Task requirements: Set out exactly every line of the entries below, starting at the line that holds "Traditional herbal medicinal" and stopping after the line that holds "(1)在甲图内自A处画出由于".

Information:
━━━
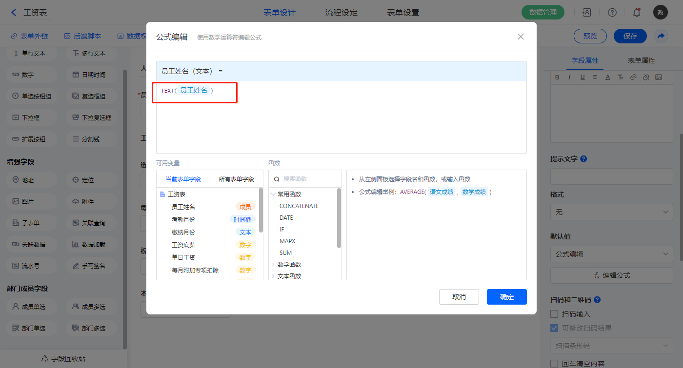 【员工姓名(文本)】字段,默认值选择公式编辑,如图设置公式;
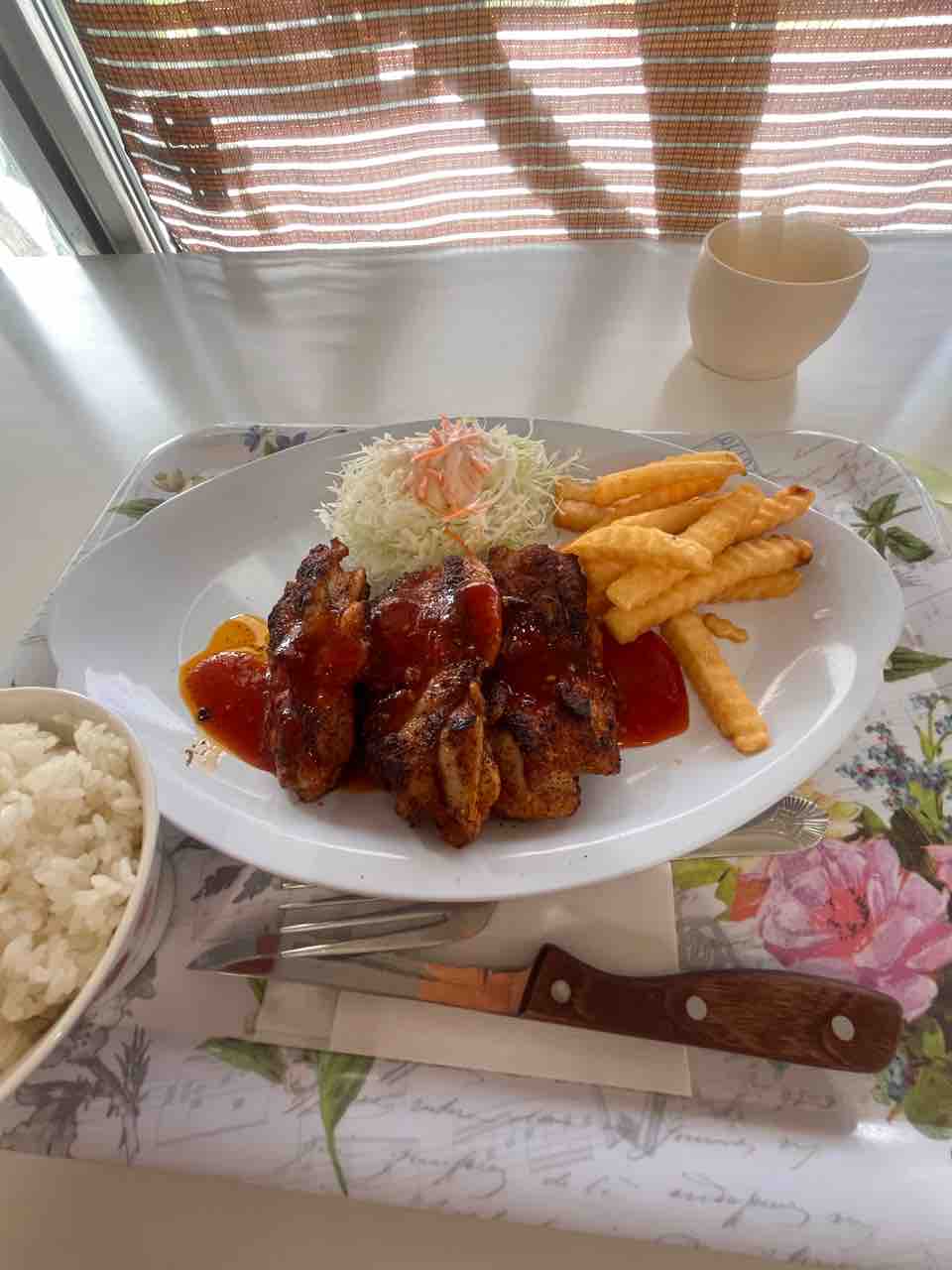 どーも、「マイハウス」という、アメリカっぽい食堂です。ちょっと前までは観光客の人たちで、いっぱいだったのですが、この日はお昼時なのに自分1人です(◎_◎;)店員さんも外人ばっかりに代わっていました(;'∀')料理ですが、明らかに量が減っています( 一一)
━━━
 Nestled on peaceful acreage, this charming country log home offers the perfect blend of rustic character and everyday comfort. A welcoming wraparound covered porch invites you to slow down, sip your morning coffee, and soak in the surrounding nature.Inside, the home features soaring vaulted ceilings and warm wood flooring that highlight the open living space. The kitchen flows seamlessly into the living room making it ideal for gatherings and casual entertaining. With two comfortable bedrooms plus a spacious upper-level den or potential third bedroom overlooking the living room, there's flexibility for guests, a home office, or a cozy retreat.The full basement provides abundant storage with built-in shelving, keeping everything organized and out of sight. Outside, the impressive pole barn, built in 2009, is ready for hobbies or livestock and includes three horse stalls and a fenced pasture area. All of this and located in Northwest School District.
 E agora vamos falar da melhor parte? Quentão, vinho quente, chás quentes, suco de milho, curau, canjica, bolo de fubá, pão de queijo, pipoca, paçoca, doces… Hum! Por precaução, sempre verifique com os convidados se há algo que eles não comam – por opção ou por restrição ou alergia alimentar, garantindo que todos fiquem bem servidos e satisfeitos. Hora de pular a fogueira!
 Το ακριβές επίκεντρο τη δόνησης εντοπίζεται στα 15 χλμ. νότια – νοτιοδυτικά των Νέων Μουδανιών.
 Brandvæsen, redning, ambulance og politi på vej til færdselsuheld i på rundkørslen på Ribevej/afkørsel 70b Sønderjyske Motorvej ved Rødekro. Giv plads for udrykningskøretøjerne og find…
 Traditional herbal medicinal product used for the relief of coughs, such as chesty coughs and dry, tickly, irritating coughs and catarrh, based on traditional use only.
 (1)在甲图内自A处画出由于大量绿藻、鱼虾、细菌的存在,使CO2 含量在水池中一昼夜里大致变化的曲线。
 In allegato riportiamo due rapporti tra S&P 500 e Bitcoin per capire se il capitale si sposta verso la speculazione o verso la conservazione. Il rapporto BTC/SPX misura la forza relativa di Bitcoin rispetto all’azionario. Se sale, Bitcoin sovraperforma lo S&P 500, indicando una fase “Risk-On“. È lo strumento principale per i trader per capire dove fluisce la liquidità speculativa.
━━━
Exercise solution:
 Traditional herbal medicinal product used for the relief of coughs, such as chesty coughs and dry, tickly, irritating coughs and catarrh, based on traditional use only.
 (1)在甲图内自A处画出由于大量绿藻、鱼虾、细菌的存在,使CO2 含量在水池中一昼夜里大致变化的曲线。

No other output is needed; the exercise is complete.